• **Raw data**:
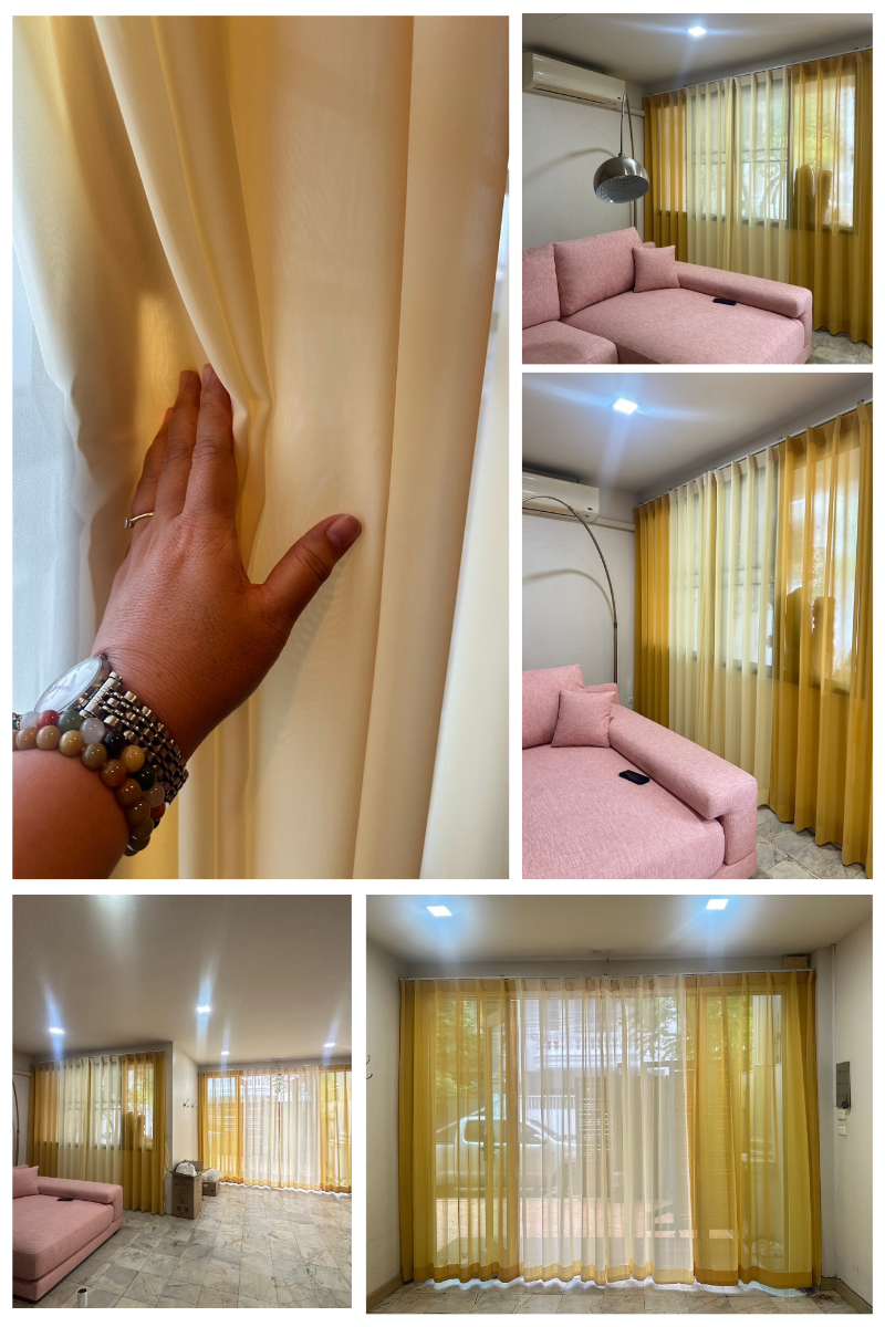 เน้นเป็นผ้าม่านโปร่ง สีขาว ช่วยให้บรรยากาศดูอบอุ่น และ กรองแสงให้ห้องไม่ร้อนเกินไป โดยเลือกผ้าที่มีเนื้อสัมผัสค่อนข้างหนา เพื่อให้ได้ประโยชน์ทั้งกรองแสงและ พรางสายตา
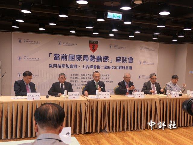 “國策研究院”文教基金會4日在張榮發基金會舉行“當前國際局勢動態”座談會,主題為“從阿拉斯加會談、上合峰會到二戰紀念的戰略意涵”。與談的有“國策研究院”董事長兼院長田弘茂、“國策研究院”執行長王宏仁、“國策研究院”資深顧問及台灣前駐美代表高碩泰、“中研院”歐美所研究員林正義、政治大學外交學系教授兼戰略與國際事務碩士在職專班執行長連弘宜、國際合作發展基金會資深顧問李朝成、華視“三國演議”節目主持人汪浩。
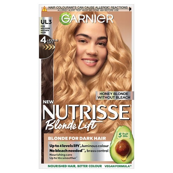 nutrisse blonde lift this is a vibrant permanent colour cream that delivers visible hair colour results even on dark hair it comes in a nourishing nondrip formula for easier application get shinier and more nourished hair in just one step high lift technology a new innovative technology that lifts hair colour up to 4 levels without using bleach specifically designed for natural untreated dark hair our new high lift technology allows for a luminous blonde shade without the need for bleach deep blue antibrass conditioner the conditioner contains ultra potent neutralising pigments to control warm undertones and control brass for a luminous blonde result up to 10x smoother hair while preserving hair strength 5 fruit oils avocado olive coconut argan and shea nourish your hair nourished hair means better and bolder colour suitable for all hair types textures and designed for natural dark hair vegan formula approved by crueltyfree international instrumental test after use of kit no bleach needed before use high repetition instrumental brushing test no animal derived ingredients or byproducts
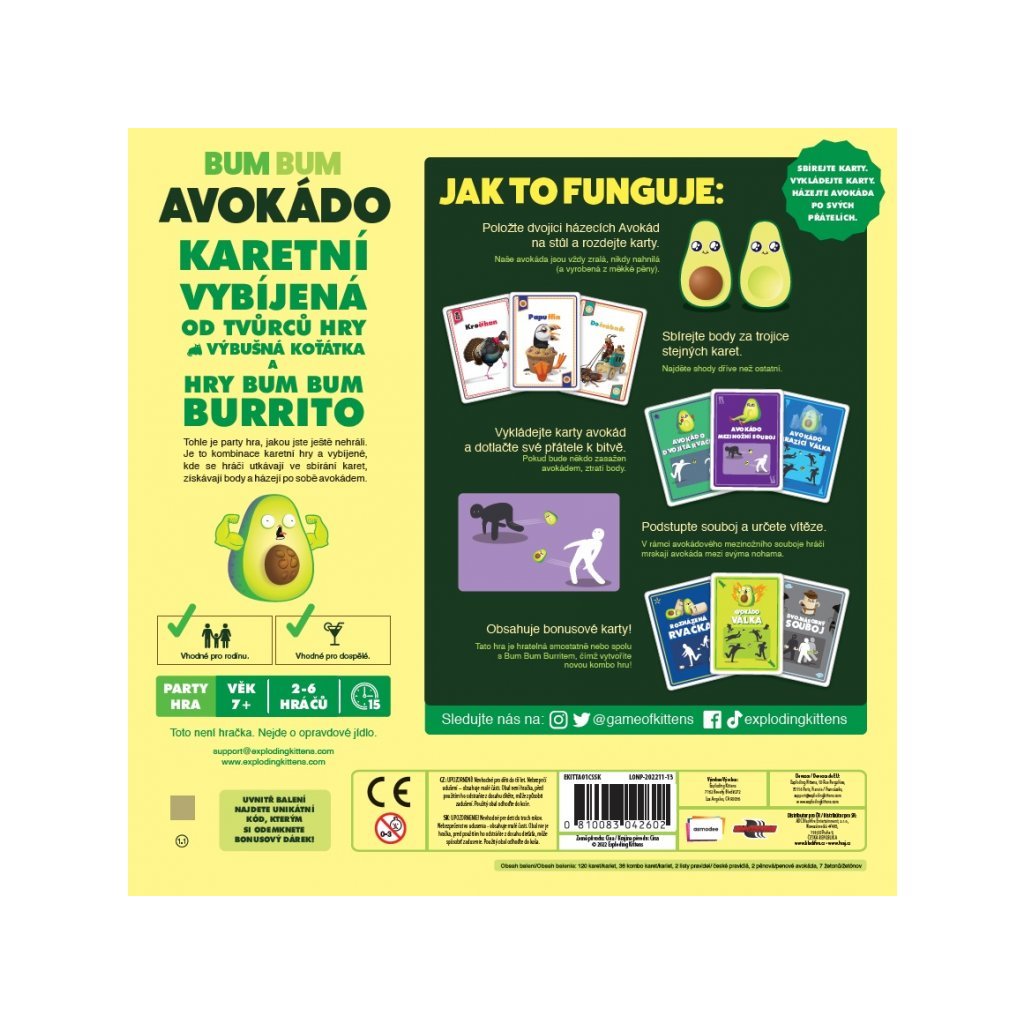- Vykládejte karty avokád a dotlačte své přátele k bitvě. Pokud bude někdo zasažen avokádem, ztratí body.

• **Assignment**: Word for word, return the material above, but drop the pictures.

• **Exercise result**:
 เน้นเป็นผ้าม่านโปร่ง สีขาว ช่วยให้บรรยากาศดูอบอุ่น และ กรองแสงให้ห้องไม่ร้อนเกินไป โดยเลือกผ้าที่มีเนื้อสัมผัสค่อนข้างหนา เพื่อให้ได้ประโยชน์ทั้งกรองแสงและ พรางสายตา
 “國策研究院”文教基金會4日在張榮發基金會舉行“當前國際局勢動態”座談會,主題為“從阿拉斯加會談、上合峰會到二戰紀念的戰略意涵”。與談的有“國策研究院”董事長兼院長田弘茂、“國策研究院”執行長王宏仁、“國策研究院”資深顧問及台灣前駐美代表高碩泰、“中研院”歐美所研究員林正義、政治大學外交學系教授兼戰略與國際事務碩士在職專班執行長連弘宜、國際合作發展基金會資深顧問李朝成、華視“三國演議”節目主持人汪浩。
 nutrisse blonde lift this is a vibrant permanent colour cream that delivers visible hair colour results even on dark hair it comes in a nourishing nondrip formula for easier application get shinier and more nourished hair in just one step high lift technology a new innovative technology that lifts hair colour up to 4 levels without using bleach specifically designed for natural untreated dark hair our new high lift technology allows for a luminous blonde shade without the need for bleach deep blue antibrass conditioner the conditioner contains ultra potent neutralising pigments to control warm undertones and control brass for a luminous blonde result up to 10x smoother hair while preserving hair strength 5 fruit oils avocado olive coconut argan and shea nourish your hair nourished hair means better and bolder colour suitable for all hair types textures and designed for natural dark hair vegan formula approved by crueltyfree international instrumental test after use of kit no bleach needed before use high repetition instrumental brushing test no animal derived ingredients or byproducts
- Vykládejte karty avokád a dotlačte své přátele k bitvě. Pokud bude někdo zasažen avokádem, ztratí body.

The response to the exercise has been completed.